* _AVAILABLE RECORDS_:

--

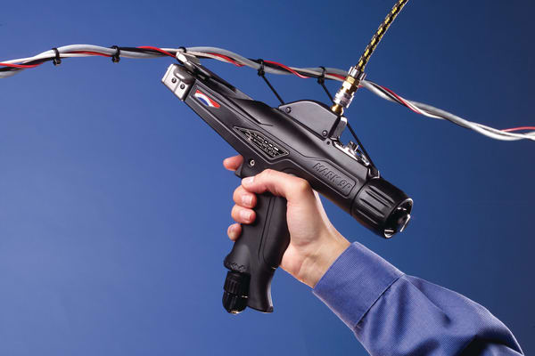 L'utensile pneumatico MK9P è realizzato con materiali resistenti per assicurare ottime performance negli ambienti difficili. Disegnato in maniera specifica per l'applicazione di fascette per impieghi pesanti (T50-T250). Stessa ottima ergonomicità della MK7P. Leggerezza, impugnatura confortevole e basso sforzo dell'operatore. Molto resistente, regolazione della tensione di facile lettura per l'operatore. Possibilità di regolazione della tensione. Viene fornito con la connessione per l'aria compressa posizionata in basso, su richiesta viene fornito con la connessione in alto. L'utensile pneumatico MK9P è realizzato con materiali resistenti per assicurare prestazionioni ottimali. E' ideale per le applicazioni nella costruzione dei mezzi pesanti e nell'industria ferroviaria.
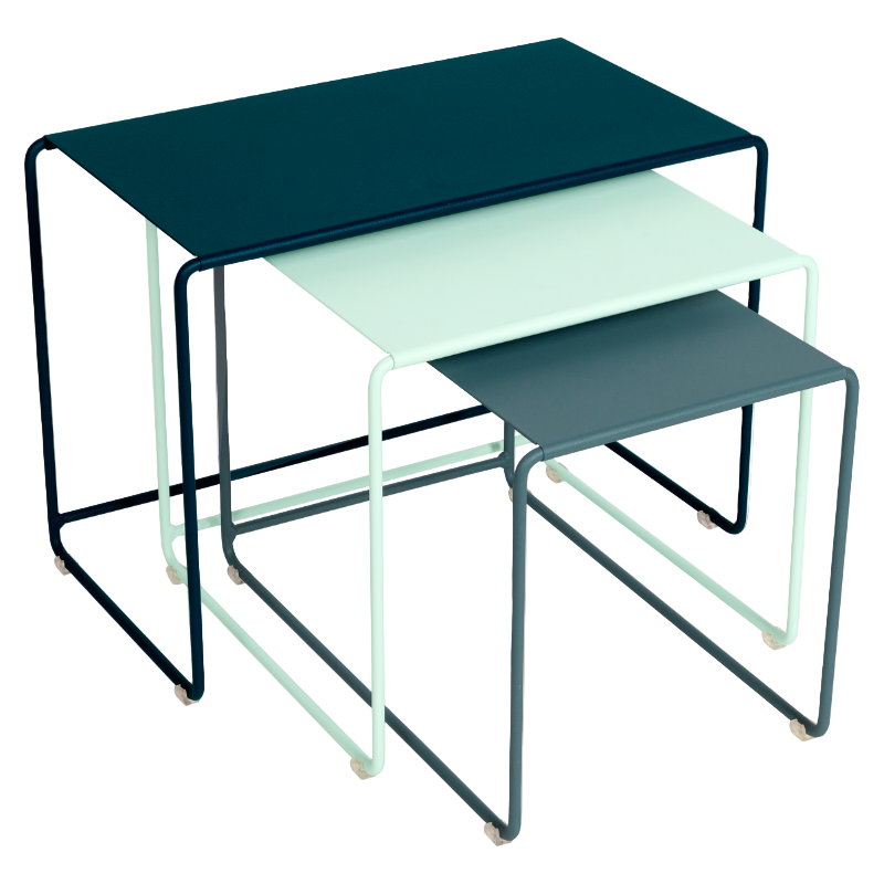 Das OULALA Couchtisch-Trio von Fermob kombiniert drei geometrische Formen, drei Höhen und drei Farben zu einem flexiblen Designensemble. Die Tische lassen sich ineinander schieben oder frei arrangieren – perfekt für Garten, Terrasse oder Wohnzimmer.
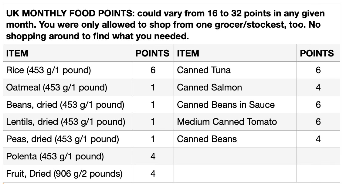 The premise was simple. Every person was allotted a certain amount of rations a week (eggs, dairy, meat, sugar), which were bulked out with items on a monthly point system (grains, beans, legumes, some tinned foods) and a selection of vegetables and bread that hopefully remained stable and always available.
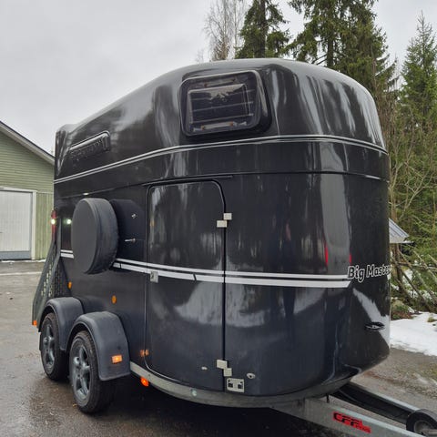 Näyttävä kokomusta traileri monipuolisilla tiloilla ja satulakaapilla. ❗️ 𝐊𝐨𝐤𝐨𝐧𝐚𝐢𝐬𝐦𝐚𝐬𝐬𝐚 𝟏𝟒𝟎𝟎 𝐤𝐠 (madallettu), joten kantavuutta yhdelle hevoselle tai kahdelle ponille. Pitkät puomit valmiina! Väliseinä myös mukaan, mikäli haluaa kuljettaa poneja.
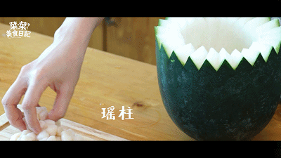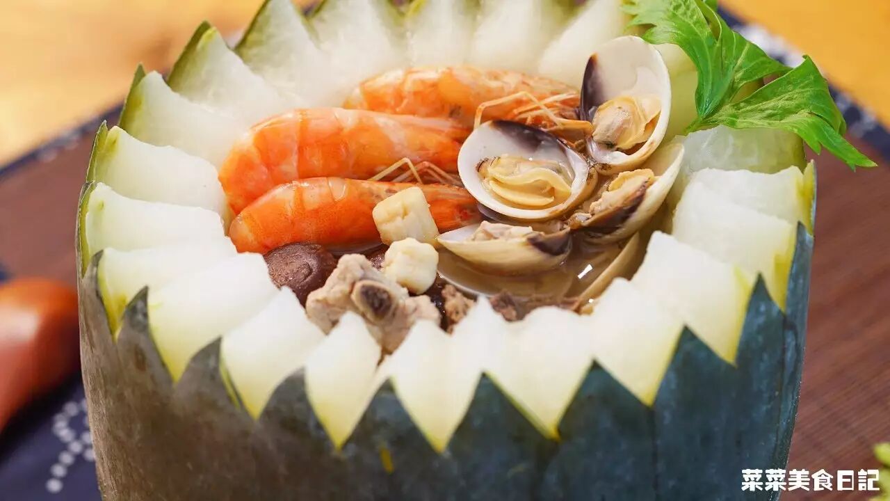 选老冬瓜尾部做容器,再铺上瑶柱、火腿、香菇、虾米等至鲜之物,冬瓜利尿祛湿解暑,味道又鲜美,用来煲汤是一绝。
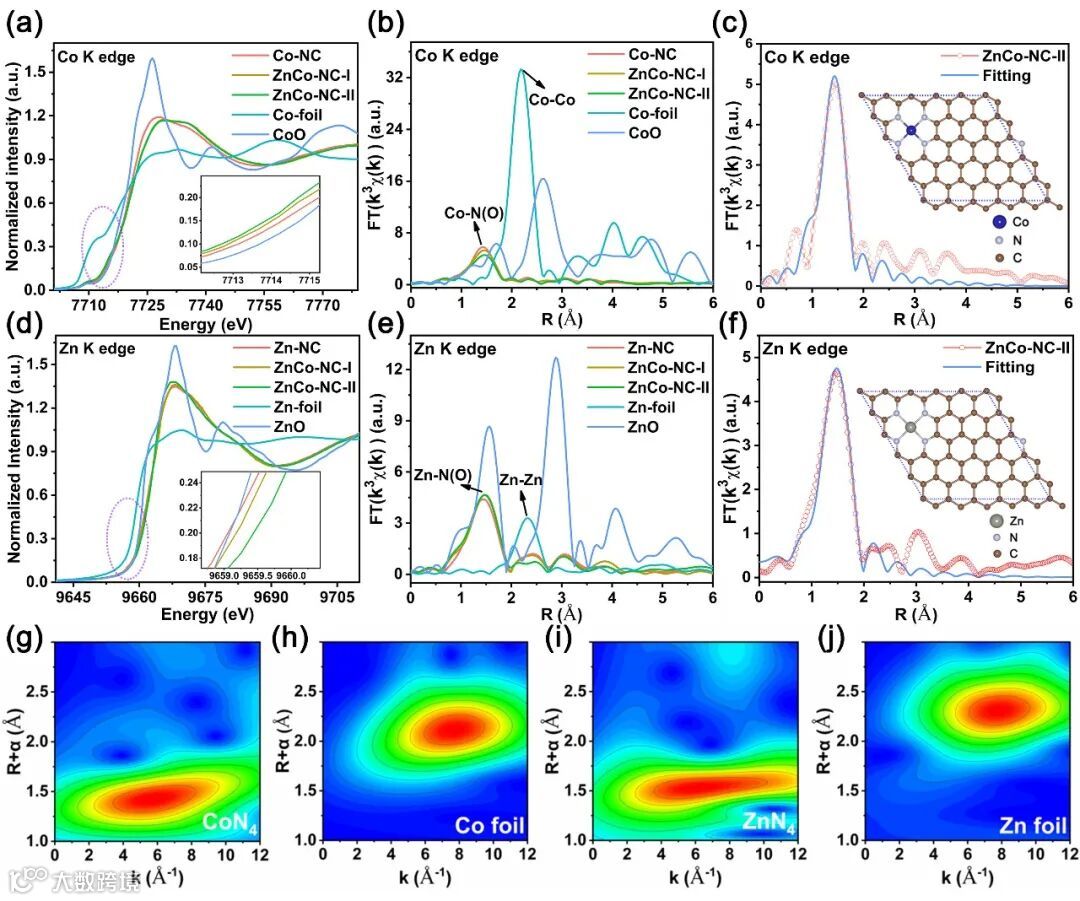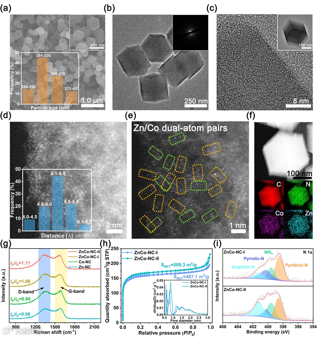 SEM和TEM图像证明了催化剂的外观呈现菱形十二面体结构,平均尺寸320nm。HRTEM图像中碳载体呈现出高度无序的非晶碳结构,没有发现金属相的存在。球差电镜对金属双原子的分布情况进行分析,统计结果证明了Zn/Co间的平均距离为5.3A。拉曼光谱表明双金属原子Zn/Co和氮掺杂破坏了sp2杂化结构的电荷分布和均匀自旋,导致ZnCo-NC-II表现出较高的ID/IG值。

--

* _TASK GOAL_:
The whole listing should be retyped word for word; none of its pictures belong in the copy.

* _YOUR SOLUTION_:
 L'utensile pneumatico MK9P è realizzato con materiali resistenti per assicurare ottime performance negli ambienti difficili. Disegnato in maniera specifica per l'applicazione di fascette per impieghi pesanti (T50-T250). Stessa ottima ergonomicità della MK7P. Leggerezza, impugnatura confortevole e basso sforzo dell'operatore. Molto resistente, regolazione della tensione di facile lettura per l'operatore. Possibilità di regolazione della tensione. Viene fornito con la connessione per l'aria compressa posizionata in basso, su richiesta viene fornito con la connessione in alto. L'utensile pneumatico MK9P è realizzato con materiali resistenti per assicurare prestazionioni ottimali. E' ideale per le applicazioni nella costruzione dei mezzi pesanti e nell'industria ferroviaria.
 Das OULALA Couchtisch-Trio von Fermob kombiniert drei geometrische Formen, drei Höhen und drei Farben zu einem flexiblen Designensemble. Die Tische lassen sich ineinander schieben oder frei arrangieren – perfekt für Garten, Terrasse oder Wohnzimmer.
 The premise was simple. Every person was allotted a certain amount of rations a week (eggs, dairy, meat, sugar), which were bulked out with items on a monthly point system (grains, beans, legumes, some tinned foods) and a selection of vegetables and bread that hopefully remained stable and always available.
 Näyttävä kokomusta traileri monipuolisilla tiloilla ja satulakaapilla. ❗️ 𝐊𝐨𝐤𝐨𝐧𝐚𝐢𝐬𝐦𝐚𝐬𝐬𝐚 𝟏𝟒𝟎𝟎 𝐤𝐠 (madallettu), joten kantavuutta yhdelle hevoselle tai kahdelle ponille. Pitkät puomit valmiina! Väliseinä myös mukaan, mikäli haluaa kuljettaa poneja.
 选老冬瓜尾部做容器,再铺上瑶柱、火腿、香菇、虾米等至鲜之物,冬瓜利尿祛湿解暑,味道又鲜美,用来煲汤是一绝。
 SEM和TEM图像证明了催化剂的外观呈现菱形十二面体结构,平均尺寸320nm。HRTEM图像中碳载体呈现出高度无序的非晶碳结构,没有发现金属相的存在。球差电镜对金属双原子的分布情况进行分析,统计结果证明了Zn/Co间的平均距离为5.3A。拉曼光谱表明双金属原子Zn/Co和氮掺杂破坏了sp2杂化结构的电荷分布和均匀自旋,导致ZnCo-NC-II表现出较高的ID/IG值。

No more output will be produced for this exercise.